* [RECORDS SUPPLIED]:

========================================

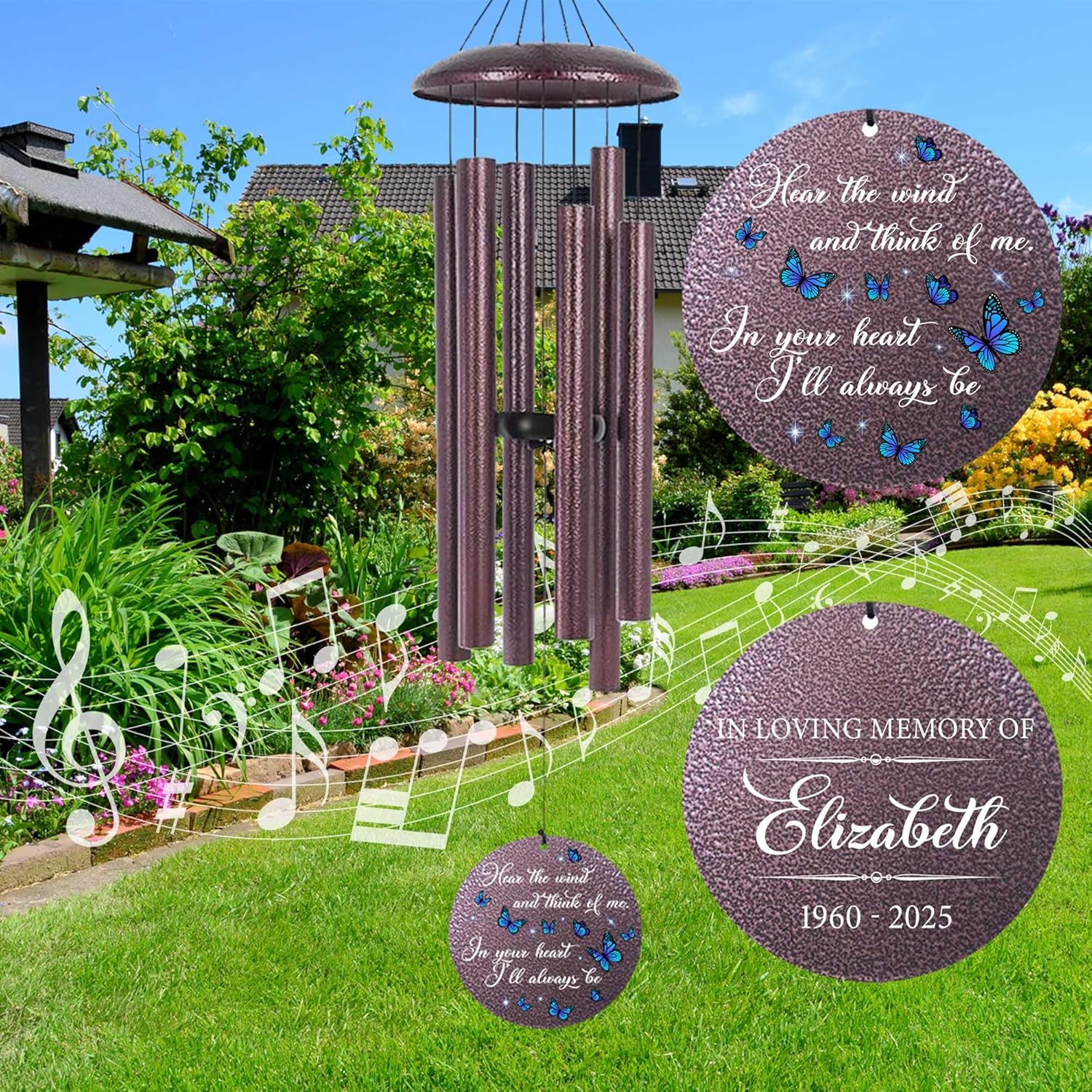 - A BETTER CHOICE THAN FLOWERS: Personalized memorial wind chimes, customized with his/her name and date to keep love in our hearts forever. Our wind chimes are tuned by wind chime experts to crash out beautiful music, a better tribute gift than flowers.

========================================

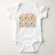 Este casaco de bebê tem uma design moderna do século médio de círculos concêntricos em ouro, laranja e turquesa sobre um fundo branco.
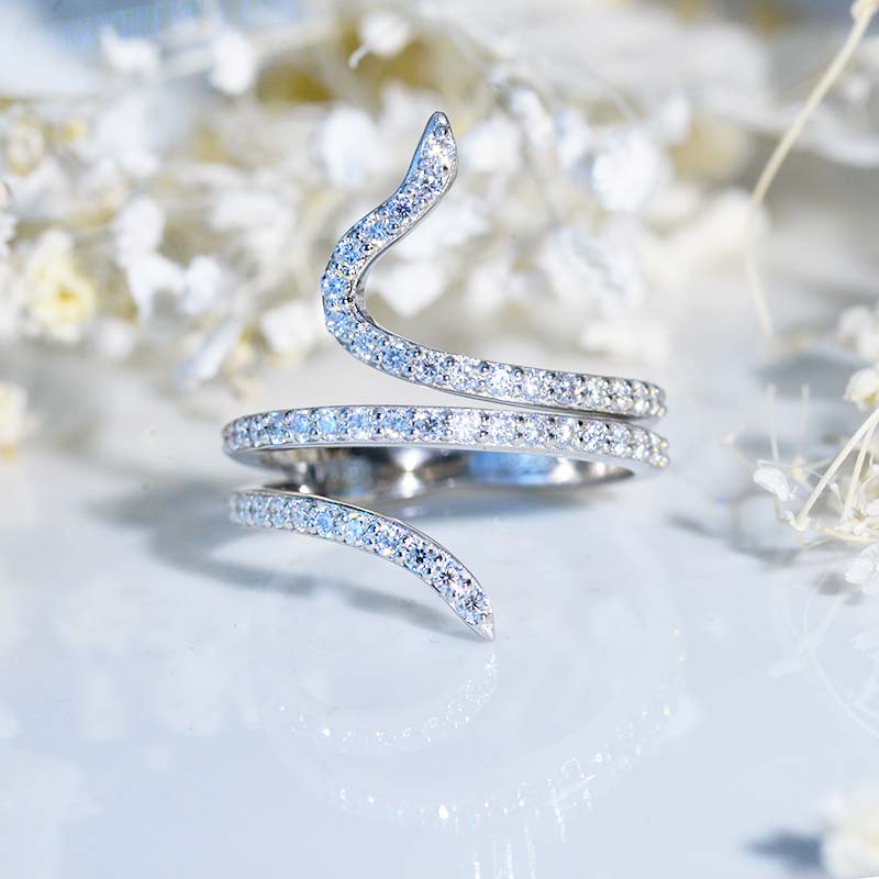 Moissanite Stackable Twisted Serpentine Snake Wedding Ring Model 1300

========================================

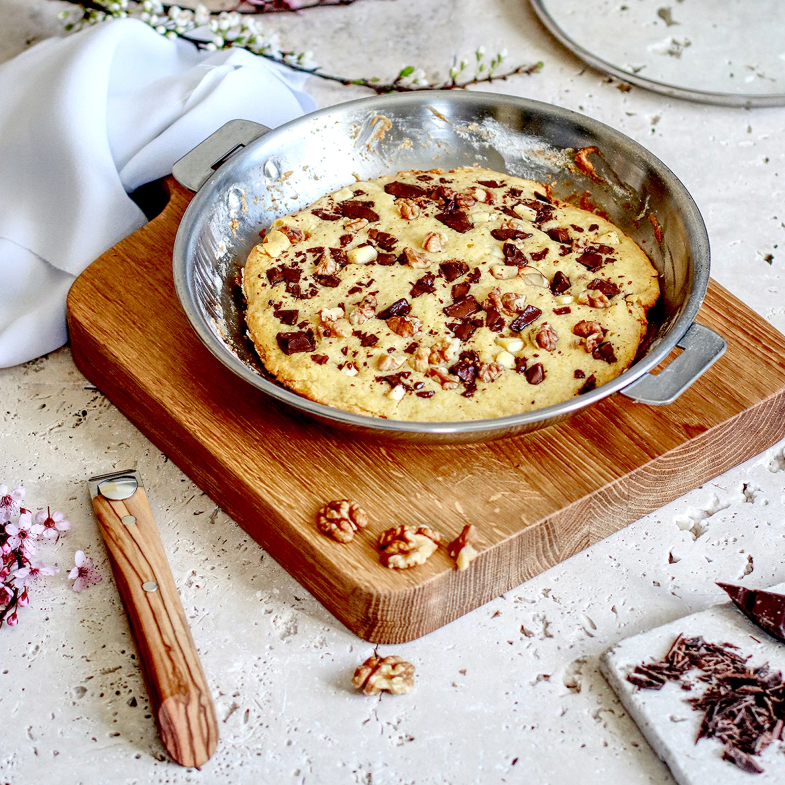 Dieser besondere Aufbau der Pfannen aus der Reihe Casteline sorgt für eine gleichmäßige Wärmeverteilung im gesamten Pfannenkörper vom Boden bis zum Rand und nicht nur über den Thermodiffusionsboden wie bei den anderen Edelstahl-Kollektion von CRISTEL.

========================================

* [TASK DIRECTIONS]:
What you write out is the stretch of entries from the line containing "Este casaco de" to the line containing "Moissanite Stackable Twisted", word for word, with both end lines and no pictures.

* [REPLY]:
 Este casaco de bebê tem uma design moderna do século médio de círculos concêntricos em ouro, laranja e turquesa sobre um fundo branco.
 Moissanite Stackable Twisted Serpentine Snake Wedding Ring Model 1300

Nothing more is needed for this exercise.